Oh, I do wish everyone’s stenosis could have as good a result as mine. From four years of pain with surgeons telling me “Well, you might walk but you’ll certainly never run again…” to playing on a soccer team.
But I never know if it’d be dickish to parade my good fortune… hey, wait, I could spoiler it. So read this if your spine problems involve a cyst, or if you’re an NSS (normally spined person):
[SPOILER]So I had four years of excruciating sciatica. I could walk with a cane, but had to use stairs at work so I was reduced to using the handrail like a ski hill tow rope.
I was getting physical therapy, acupuncture and chiropractic, but my insurance refused to pay for an MRI, and X-Rays didn’t show anything wrong. Finally (45 months later!), my doc got me an MRI and there it was-- a cyst the size of a pingpong ball in my lumbar vertebrae. And it was compressing my spinal cord from pencil diameter to pencil lead. (we’re talking .05mm mechanical pencil lead…)

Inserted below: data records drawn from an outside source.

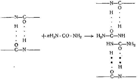 Денатурирующее действие концентрированных растворов мочевины объясняется, вероятно, образованием водородных связей с пептидными группировками. Возможно, что небольшие полярные молекулы мочевины при своем тепловом движении вдвигаются, как клинья, между пептидными цепями, разрывая имеющиеся водородные мостики и образуя новые с освободившимися группами. Это может быть показано следующими формулами, в которых длинные горизонтальные линии обозначают две параллельные пептидные цепи:
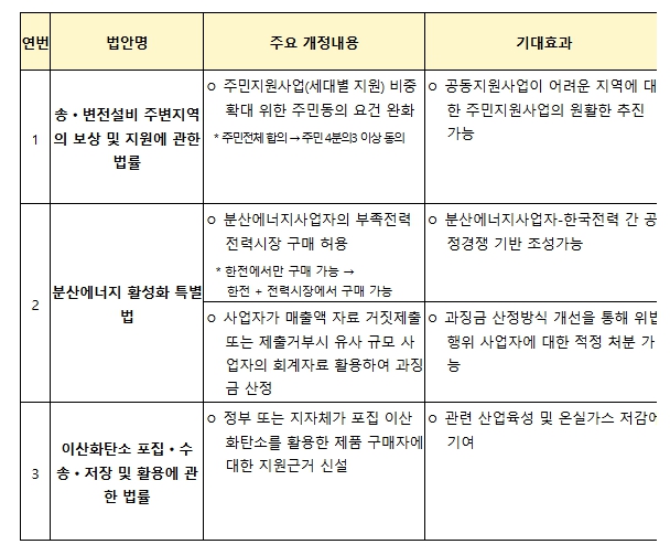 기후에너지환경부는 이날 국회를 통과한 3개 법률안이 정책 현장에서 차질없이 시행될 수 있도록 하위법령 정비 등 제반 여건 준비에 최선을 다할 예정이다.
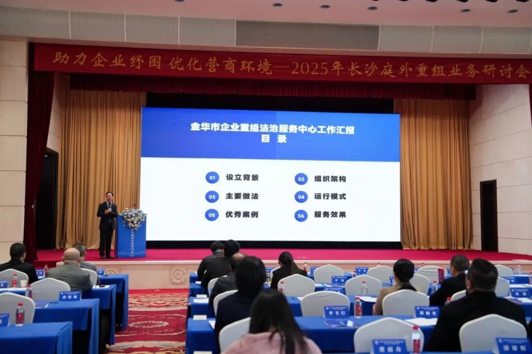 0579-824652392025年11月23日,由长沙市破产管理人协会主办的“助力企业纾困,优化营商环境——2025年长沙庭外重组业务研讨会”顺利召开。我所骆忠红主任作为浙江省破产管理人协会副会长、金华市破产案件管理人协会会长受邀参会,并在研讨会上分享了金华市企业重组法治服务中心运行情况,为各地探索庭外重组路径、化解企业债务风险传递金华经验。
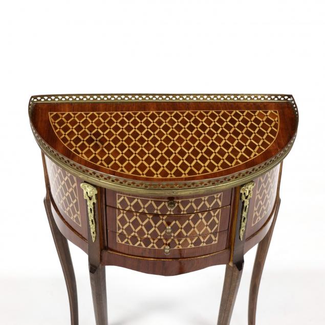 Late 20th century, mixed wood veneers in a diamond pattern, reticulated brass gallery, cabinet with three drawers, ram's head ormolu mounts, raised on tall cabriole legs.
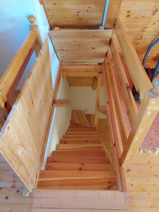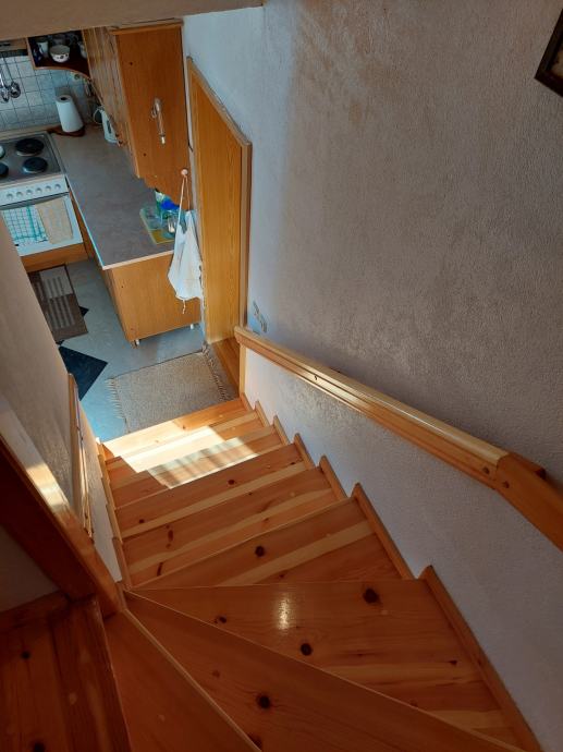 U prizemlju se nalazi dnevna soba sa kuhinjom, WC, ostava i drvarnica.

So I immediately met with these great spinal surgeons who said “First, we’ll open up your back and scrape off most of these two vertebrae here to get at the cyst…” Well, crap, I might need some bone down there, but I had to do it… Surgery was set for the next week.

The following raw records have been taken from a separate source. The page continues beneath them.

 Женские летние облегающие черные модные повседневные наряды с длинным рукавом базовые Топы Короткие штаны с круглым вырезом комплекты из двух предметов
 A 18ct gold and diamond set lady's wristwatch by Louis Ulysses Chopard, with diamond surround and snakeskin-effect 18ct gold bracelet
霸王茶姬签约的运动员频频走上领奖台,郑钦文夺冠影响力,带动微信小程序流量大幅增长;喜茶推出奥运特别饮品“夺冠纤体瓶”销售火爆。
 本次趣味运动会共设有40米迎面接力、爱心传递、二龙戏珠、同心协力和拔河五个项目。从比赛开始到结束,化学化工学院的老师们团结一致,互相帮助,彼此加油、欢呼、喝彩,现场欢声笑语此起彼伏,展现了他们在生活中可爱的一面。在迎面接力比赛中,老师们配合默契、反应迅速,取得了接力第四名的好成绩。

I mentioned that to a surgeon friend who said “Nonono…[asia minor accent]…even if best surgeon which happens to be me opens up your back, is Pandora’s box, you are not knowing what gets in. I set up appointment with Prabeesh, you see him tomorrow.”
Well, long story short, Prabeesh shoved a syringe in my back (the same gauge that hippos shoot up with), pumped a gallon of saline and cortisone into that cyst and ‘exploded’ it!
He was asking if he’d aimed right, so I was supplying color commentary: “Yep, you got it, and… it’s the size of a golf ball, racquetball…tennis ball, and, whoa, it just popped!”
As soon as the needle was winched out, I hopped off the table and danced a jig.
And was out playing soccer two days later. Slowly, but happily.
–
Sorry if this might be insensitive to current Spinal Pain Sufferers…
But, hey, I paid my dues (four years of agony), and I will never take walking across a room without whimpering for granted.